Cox regression was used to analyze the association between dietary patterns and risk of diabetes, with stratification for LTPA and follow-up methods (questionnaire only vs health examination) as the interaction term of time with these variables violated proportional hazard assumption. Model 1 adjusted for age, sex, education, family history of diabetes, LTPA, lipid-lowering medication, methods of follow-up. Model 2 additionally adjusted for BMI to estimate the protective association independent of BMI (a mediator). Time of disease occurrence was set to be the time that the first abnormal glucose was identified (HbA1c ≥6.5% or fasting blood glucose ≥7.0 mmol/L). For participants who reported diagnosis of diabetes at questionnaire but could not remember the time of diabetes diagnosis, censor time was set to be half-way between the previous known disease-free time point and the follow-up time in which diabetes was reported. For those who did not report having diabetes in the questionnaire, but were found to have diabetes during health examination, the date of health examination was used as the date of disease onset. Subgroup analyses by gender, baseline metabolic syndrome, fatty liver, BMI (<24 or ≥24 kg/m²), fasting glucose (<5.56 or ≥5.56 mmol/L), TG (<1.69 or ≥1.69 mmol/L), and HDL-C (men: <1.03 or ≥1.03 mmol/L, women: <1.29 or ≥1.29 mmol/L) levels were performed. Test of interaction was performed by including a cross-product term in the regression model.

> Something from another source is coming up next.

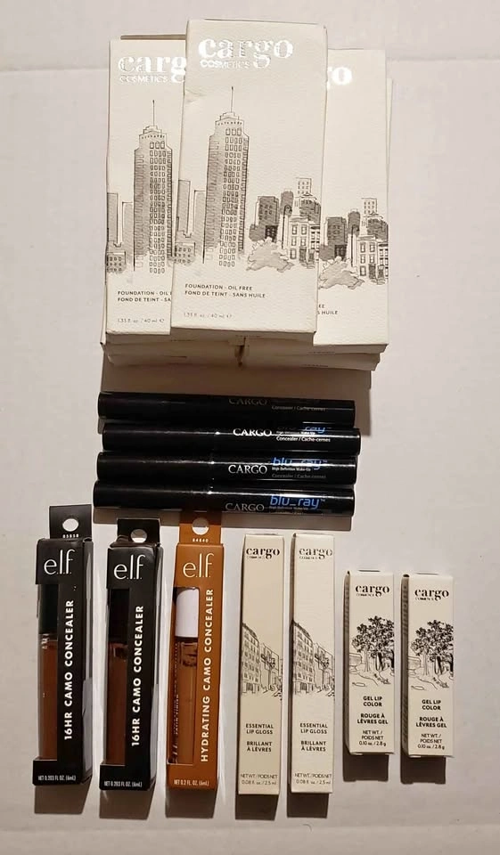 MAKEUP Mixed Lot, Cargo and e.l.f. Brands, Dark Skin Tones. Bundle includes: 7 - Cargo Liquid Oil-Free Foundation F80 4 - Cargo Concealer Pens 3 - e.l.f. Concealer 2 - Cargo Lip Gloss 2 - Cargo Gel Lip Color Everything new in box, box might be damaged in transit, check photo for colors. $20 or best offer, bundle with my other listings for discounts. Cash only pickup in Queens or Hicksville NY.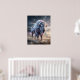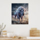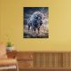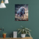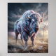 A massive hologram bison charges across endless futuristic storm plains, formed from transparent muscle geometry, glowing skeletal lines, and luminous vapor energy. Electric blue, silver, violet, and amber pulses race through its broad frame, emphasizing unstoppable strength. Lightning strikes, dark thunderclouds, wind-swept grass, cracked terrain, dust spirals, and distant towers create dramatic cinematic depth. This commanding bison design blends raw frontier power with advanced technology, ideal for offices, gaming spaces, studios, and collectors of bold wildlife imagery.

Several sensitivity analyses were performed: (1) 25 unconfirmed diabetes event were treated as diabetes cases. (2) To ensure our result was not affected by detection bias from different follow-up methods (health examination vs questionnaire-only), we performed another sensitivity analysis in which only self-reported diabetes were counted as cases. (3) We adjusted for metabolic syndrome in addition to Model 2. (4) Age was used as the underlying time scale for Cox regression, with left truncation at study entry. All analysis were conducted using SAS Statistical Software (version 9.4, SAS Institute, Cary, NC).

Results

Exclusion and loss to follow-up

To calculate the incidence of diabetes and avoid bias related to comorbidities, we excluded participants with baseline diabetes or fasting blood glucose ≥7.0 mmol/L (n = 322), reported history of cancer (n = 172), coronary heart disease (n = 194), stroke (n = 26). We also excluded those who have ever used cigarette (n = 691) or alcohol (n = 606), as cigarette smoking may modify the effect of meat on diabetes¹⁷ and alcohol is frequently associated with smoking. This left a total of 3185 participants. We further excluded those lost to follow-up (n = 210), those who did not know about their diabetes status in follow-up questionnaire (n = 8), those missed the item on diabetes diagnosis in the questionnaire (n = 42, likely without diabetes as they responded to a few diseases they had a diagnosis and left all other diseases blank), and unconfirmed diabetes events (n = 25, some may be included as non-cases up until the time that normal blood glucose and HbA1C were observed), leaving a total of 2918 participants in the final analysis. A flow chart summarizing number of participants at each stage is available at Supplemental Figure.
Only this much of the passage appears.